**Records to process**
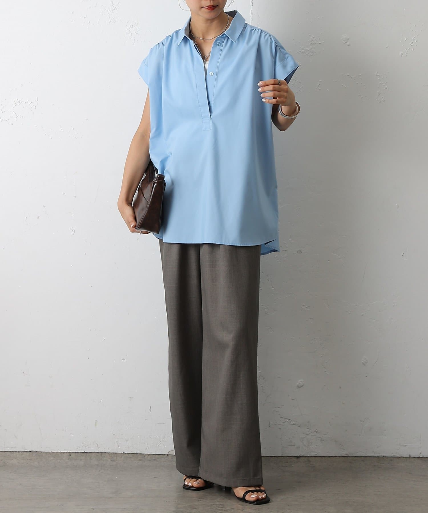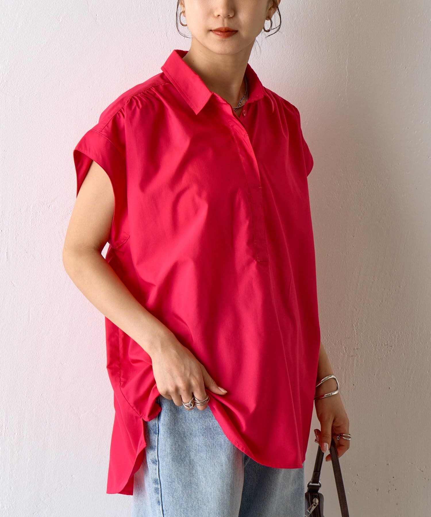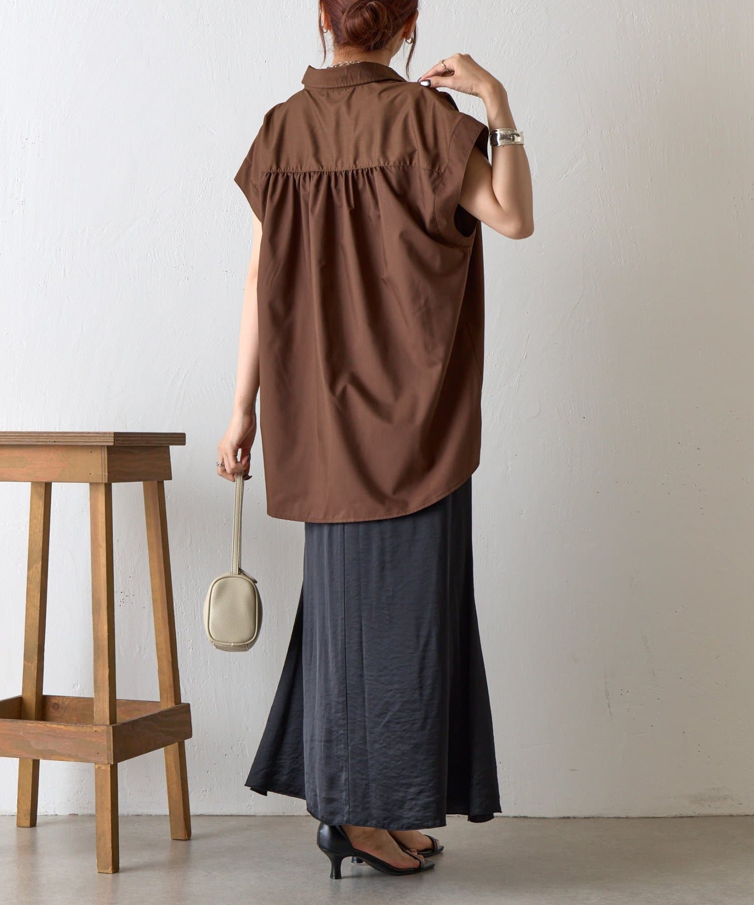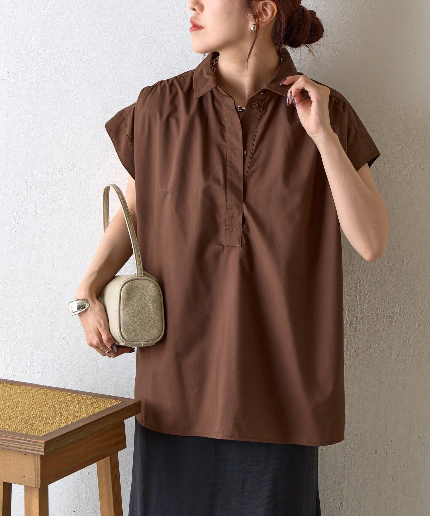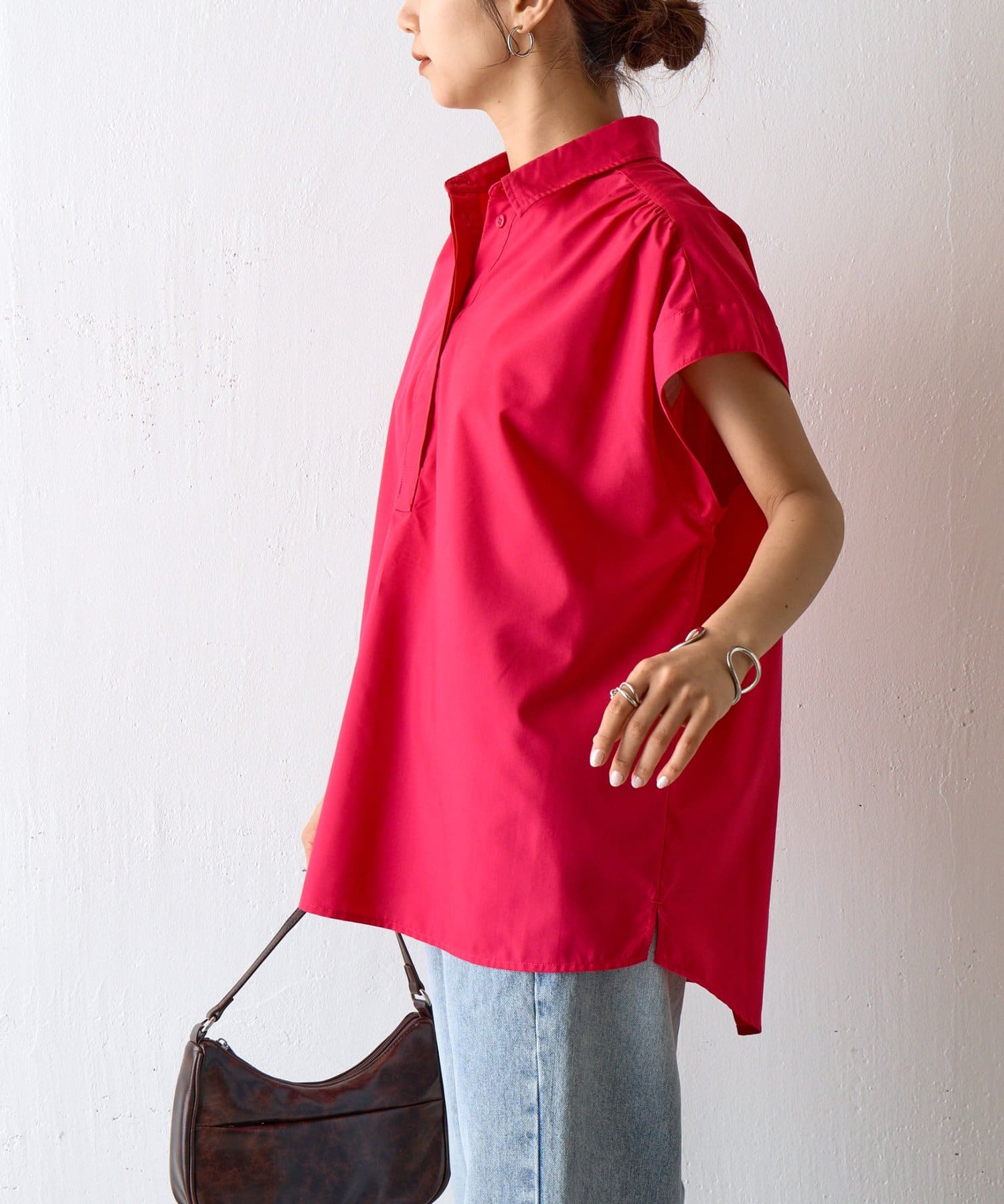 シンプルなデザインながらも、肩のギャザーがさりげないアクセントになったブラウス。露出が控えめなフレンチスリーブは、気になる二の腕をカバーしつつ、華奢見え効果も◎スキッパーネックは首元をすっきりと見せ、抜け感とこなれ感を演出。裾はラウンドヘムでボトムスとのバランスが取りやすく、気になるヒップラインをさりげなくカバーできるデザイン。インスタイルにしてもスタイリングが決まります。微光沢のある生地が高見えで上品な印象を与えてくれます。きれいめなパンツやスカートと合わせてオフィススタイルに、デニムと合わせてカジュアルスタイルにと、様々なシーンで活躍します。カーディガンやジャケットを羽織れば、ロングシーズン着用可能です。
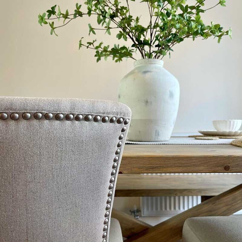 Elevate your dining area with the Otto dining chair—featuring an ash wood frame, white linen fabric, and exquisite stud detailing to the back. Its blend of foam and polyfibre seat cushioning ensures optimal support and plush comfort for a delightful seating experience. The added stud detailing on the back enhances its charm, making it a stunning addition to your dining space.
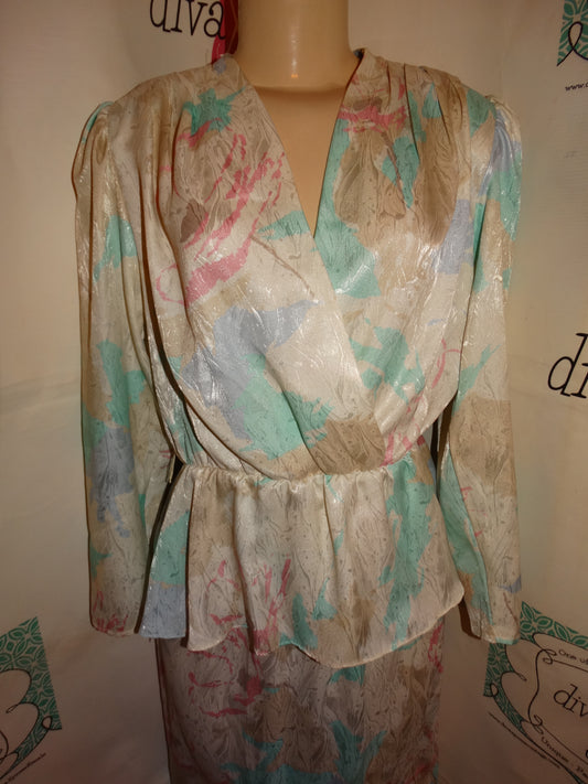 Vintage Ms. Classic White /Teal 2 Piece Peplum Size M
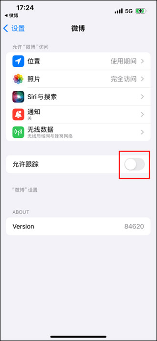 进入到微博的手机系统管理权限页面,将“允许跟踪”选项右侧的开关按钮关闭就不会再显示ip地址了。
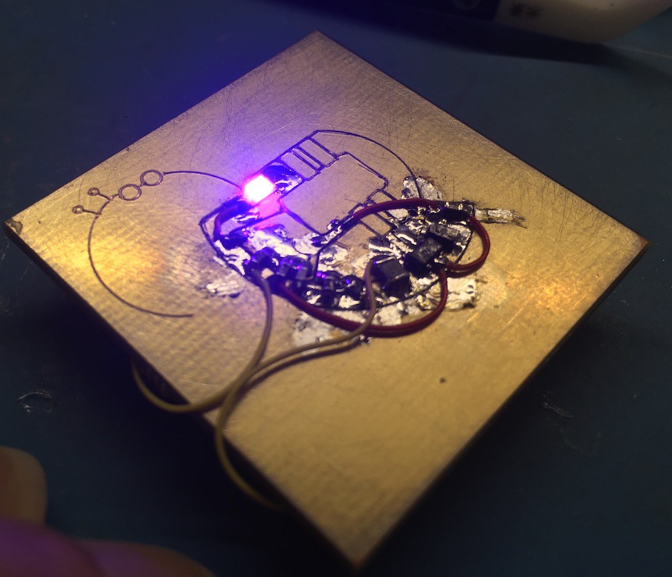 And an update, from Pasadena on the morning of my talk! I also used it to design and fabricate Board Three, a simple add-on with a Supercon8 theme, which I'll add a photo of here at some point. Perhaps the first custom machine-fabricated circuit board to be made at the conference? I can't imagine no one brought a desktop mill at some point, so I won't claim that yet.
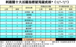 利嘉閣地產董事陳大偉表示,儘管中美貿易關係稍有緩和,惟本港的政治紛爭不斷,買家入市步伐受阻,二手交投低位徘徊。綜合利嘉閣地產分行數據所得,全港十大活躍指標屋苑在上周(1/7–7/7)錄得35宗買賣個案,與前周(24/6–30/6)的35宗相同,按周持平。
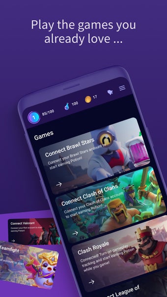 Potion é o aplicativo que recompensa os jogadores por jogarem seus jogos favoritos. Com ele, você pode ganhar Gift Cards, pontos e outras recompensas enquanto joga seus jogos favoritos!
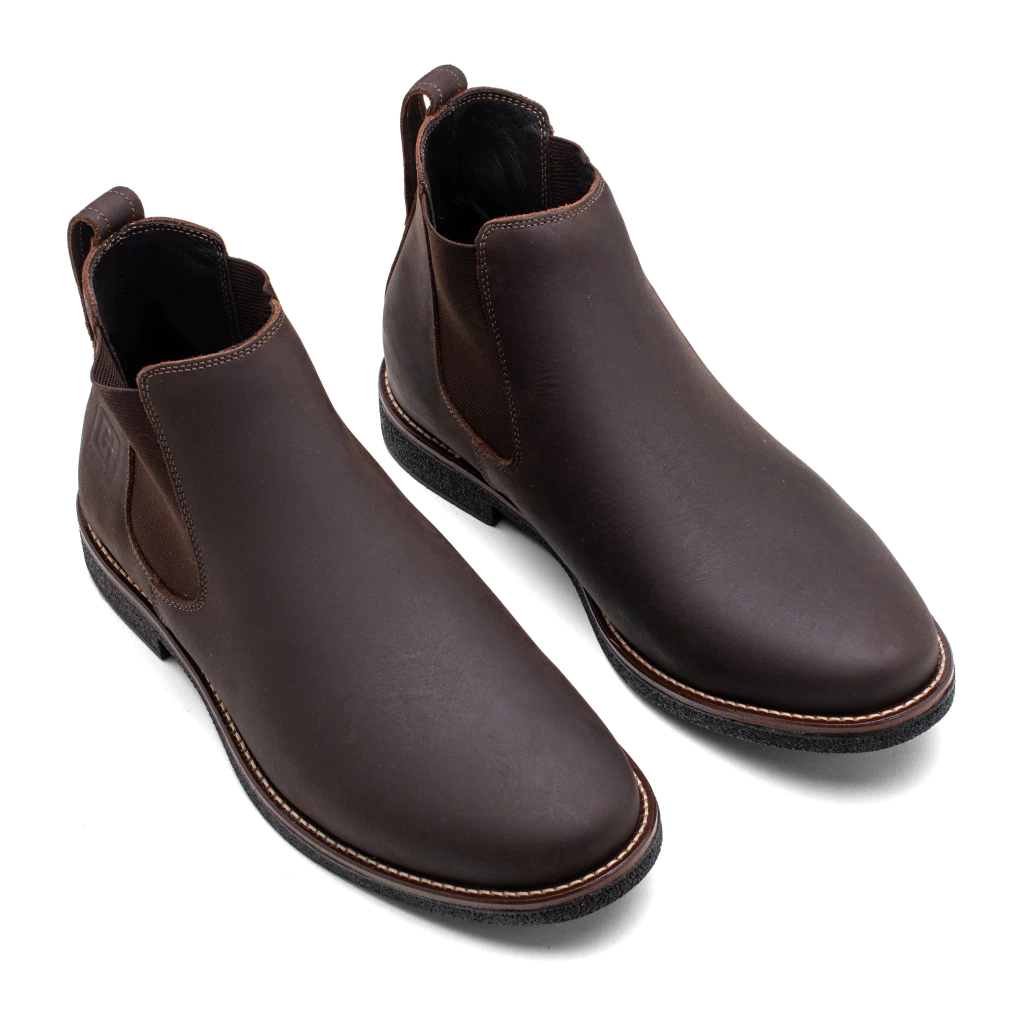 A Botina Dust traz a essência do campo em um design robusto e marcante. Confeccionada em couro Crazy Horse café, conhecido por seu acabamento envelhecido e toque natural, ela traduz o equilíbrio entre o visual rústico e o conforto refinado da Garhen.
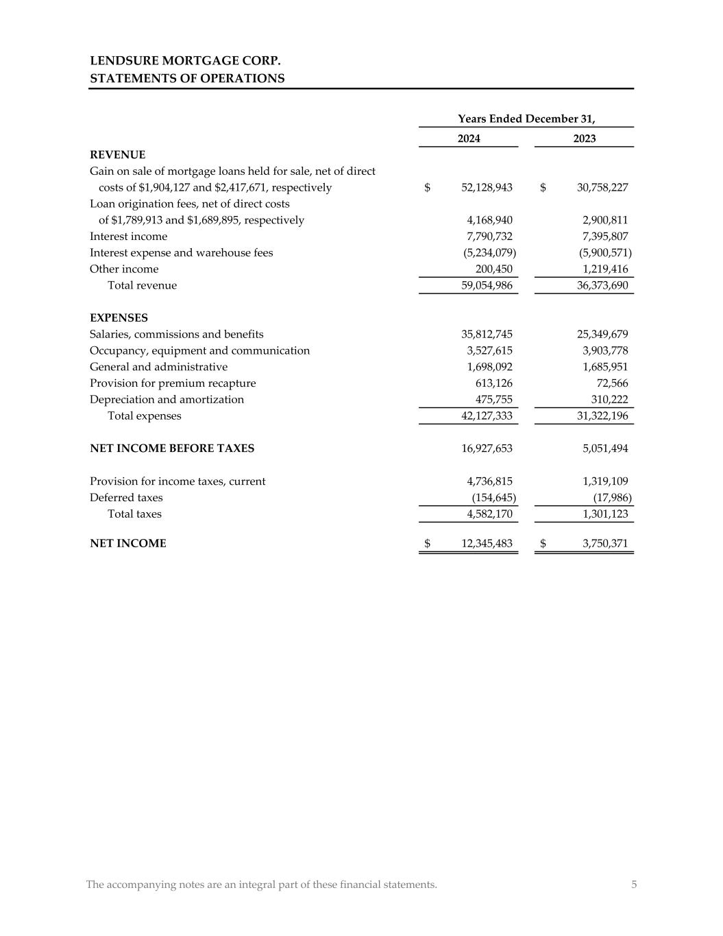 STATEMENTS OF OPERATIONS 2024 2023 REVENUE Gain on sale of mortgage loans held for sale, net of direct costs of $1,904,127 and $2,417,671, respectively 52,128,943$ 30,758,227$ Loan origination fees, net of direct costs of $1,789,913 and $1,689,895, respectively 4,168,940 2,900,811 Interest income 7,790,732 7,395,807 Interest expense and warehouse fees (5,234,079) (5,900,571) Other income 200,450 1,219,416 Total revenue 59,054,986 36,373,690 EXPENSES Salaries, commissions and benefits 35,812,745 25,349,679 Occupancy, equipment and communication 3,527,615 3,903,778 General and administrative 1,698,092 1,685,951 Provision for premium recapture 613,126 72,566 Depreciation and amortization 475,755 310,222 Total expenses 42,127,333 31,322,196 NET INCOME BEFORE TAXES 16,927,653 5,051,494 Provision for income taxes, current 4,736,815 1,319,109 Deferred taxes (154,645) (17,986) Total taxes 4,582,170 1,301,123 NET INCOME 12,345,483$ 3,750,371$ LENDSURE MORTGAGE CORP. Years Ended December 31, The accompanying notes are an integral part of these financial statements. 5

**Work required**
Write out all the entries precisely as given, omitting each image.

**Task response**
 シンプルなデザインながらも、肩のギャザーがさりげないアクセントになったブラウス。露出が控えめなフレンチスリーブは、気になる二の腕をカバーしつつ、華奢見え効果も◎スキッパーネックは首元をすっきりと見せ、抜け感とこなれ感を演出。裾はラウンドヘムでボトムスとのバランスが取りやすく、気になるヒップラインをさりげなくカバーできるデザイン。インスタイルにしてもスタイリングが決まります。微光沢のある生地が高見えで上品な印象を与えてくれます。きれいめなパンツやスカートと合わせてオフィススタイルに、デニムと合わせてカジュアルスタイルにと、様々なシーンで活躍します。カーディガンやジャケットを羽織れば、ロングシーズン着用可能です。
 Elevate your dining area with the Otto dining chair—featuring an ash wood frame, white linen fabric, and exquisite stud detailing to the back. Its blend of foam and polyfibre seat cushioning ensures optimal support and plush comfort for a delightful seating experience. The added stud detailing on the back enhances its charm, making it a stunning addition to your dining space.
 Vintage Ms. Classic White /Teal 2 Piece Peplum Size M
 进入到微博的手机系统管理权限页面,将“允许跟踪”选项右侧的开关按钮关闭就不会再显示ip地址了。
 And an update, from Pasadena on the morning of my talk! I also used it to design and fabricate Board Three, a simple add-on with a Supercon8 theme, which I'll add a photo of here at some point. Perhaps the first custom machine-fabricated circuit board to be made at the conference? I can't imagine no one brought a desktop mill at some point, so I won't claim that yet.
 利嘉閣地產董事陳大偉表示,儘管中美貿易關係稍有緩和,惟本港的政治紛爭不斷,買家入市步伐受阻,二手交投低位徘徊。綜合利嘉閣地產分行數據所得,全港十大活躍指標屋苑在上周(1/7–7/7)錄得35宗買賣個案,與前周(24/6–30/6)的35宗相同,按周持平。
 Potion é o aplicativo que recompensa os jogadores por jogarem seus jogos favoritos. Com ele, você pode ganhar Gift Cards, pontos e outras recompensas enquanto joga seus jogos favoritos!
 A Botina Dust traz a essência do campo em um design robusto e marcante. Confeccionada em couro Crazy Horse café, conhecido por seu acabamento envelhecido e toque natural, ela traduz o equilíbrio entre o visual rústico e o conforto refinado da Garhen.
 STATEMENTS OF OPERATIONS 2024 2023 REVENUE Gain on sale of mortgage loans held for sale, net of direct costs of $1,904,127 and $2,417,671, respectively 52,128,943$ 30,758,227$ Loan origination fees, net of direct costs of $1,789,913 and $1,689,895, respectively 4,168,940 2,900,811 Interest income 7,790,732 7,395,807 Interest expense and warehouse fees (5,234,079) (5,900,571) Other income 200,450 1,219,416 Total revenue 59,054,986 36,373,690 EXPENSES Salaries, commissions and benefits 35,812,745 25,349,679 Occupancy, equipment and communication 3,527,615 3,903,778 General and administrative 1,698,092 1,685,951 Provision for premium recapture 613,126 72,566 Depreciation and amortization 475,755 310,222 Total expenses 42,127,333 31,322,196 NET INCOME BEFORE TAXES 16,927,653 5,051,494 Provision for income taxes, current 4,736,815 1,319,109 Deferred taxes (154,645) (17,986) Total taxes 4,582,170 1,301,123 NET INCOME 12,345,483$ 3,750,371$ LENDSURE MORTGAGE CORP. Years Ended December 31, The accompanying notes are an integral part of these financial statements. 5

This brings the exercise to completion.